The clinical features of more advanced AD are marked by functional deficiencies such as a reduction in ADLs. Such functional disabilities mean that patients require enormous amounts of care in terms of both time and resources. Indeed, care is often the responsibility of family and other care-givers, who are also burdened with substantial emotional and financial obligations. However, memantine can provide clinically important functional benefits for patients with moderate to severe AD, supporting the ability of patients to remain actively engaged in everyday activities. Functional impairment in patients with AD is generally evaluated using the 19-item subscale of the Alzheimer Disease Co-operative Activities of Daily Living Inventory (ADCS-ADL19), which was specifically designed to assess functional capacity in patients with advanced dementia.

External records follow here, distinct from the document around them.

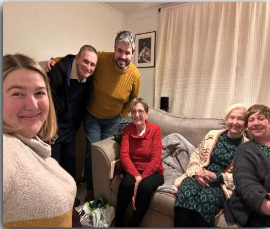
Relaxing before or after?
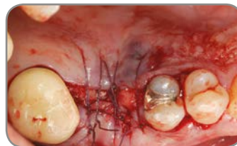
Figure C Flap sutured over the membrane.
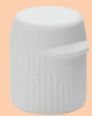
Ribbed Flip top
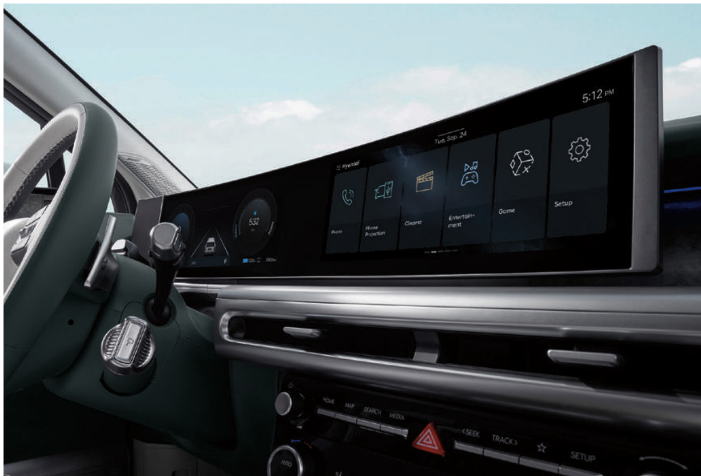
Panoramic Curved Display (12.3-inch Cluster & Touchscreen ccNC)
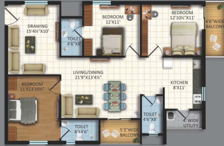
T-6, Flat-2 | 2BHK | 1685sft
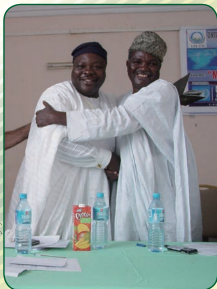
A Muslim and a Christian embrace in forgiveness, in Jos, the frequent scene of interreligious violence.
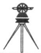
EXHIBIT "B" 15.00' WIDE PUBLIC UTILITY EASEMENT

Denson Surveying a professional corporation SURVEYING & MAPPING Yerington, Nevada (775) 463-3611
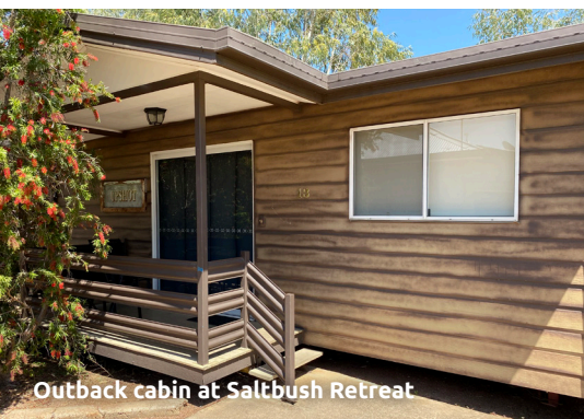
Outback cabin at Saltbush Retreat

5 nights at Saltbush Retreat - Outback Cabin
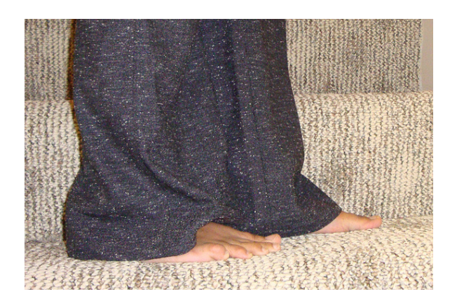
Another "Before" view.
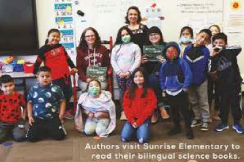
Authors visit Sunrise Elementary to read their bilingual science books.

Every Student. Every Opportunity to Succeed.
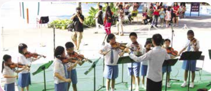
String Ensemble and their conductor.

The MFPS String Ensemble, Indian Dance and Chinese dance groups were invited to perform at the Gardens by the Bay for the second consecutive year on 23 March. It was a golden opportunity and a distinguished platform for the pupils to showcase their talents at the newly-opened Far East Organisation Children's Garden.
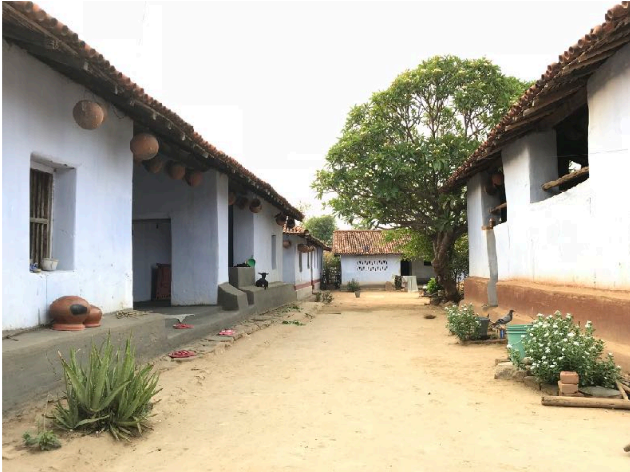
80 year old house. Old houses are bigger than newer houses
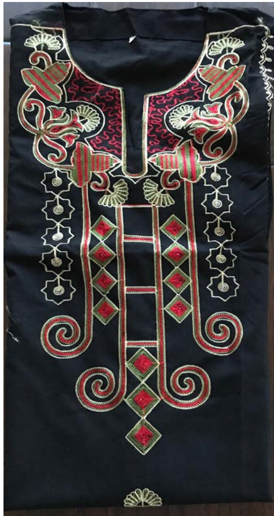
Egyptian Women Galabeya Embroidered With Red and Green Embroidery Women Dress Size M
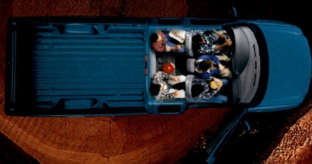
The Lariat's 40/60 split bench front seat has leather seating surfaces.

There's seating for three up front. And the 3-passenger 40/60 rear split bench seat provides extra cargo-carrying capability while allowing seating for two passengers (40-section cushion folded forward) or one (60-section cushion folded forward).
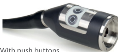
With push buttons

A female patient with mild AD (Case Study 4, see Table 1) developed language problems and had difficulty remembering the meanings of words. Her verbal fluency and communication became progressively worse such that she avoided social contact and communication and preferred to be alone. In addition, she was unable to care for herself adequately. The patient had an MMSE score of 20 out of 30 and a score of six on the Geriatric Depression Scale, and cranial magnetic resonance imaging indicated minimal cerebral atrophy. The patient had not received any previous treatment for dementia. She was given memantine 5mg once weekly and this dose was up-titrated to a maintenance dose of 10mg twice weekly. An improvement in language functioning was noted within eight to nine weeks of starting memantine treatment, along with improvements in MMSE (24 out of 30) and GDS (five) scores. Within four weeks of treatment initiation, the patient’s carer, her cousin, reported improvements in the patient’s language functioning, verbal fluency and speech and word finding, allowing the patient to make conversation with others freely and interact with her friends. In addition, the patient’s self-care improved. Memantine was well tolerated by the patient and no adverse events were reported.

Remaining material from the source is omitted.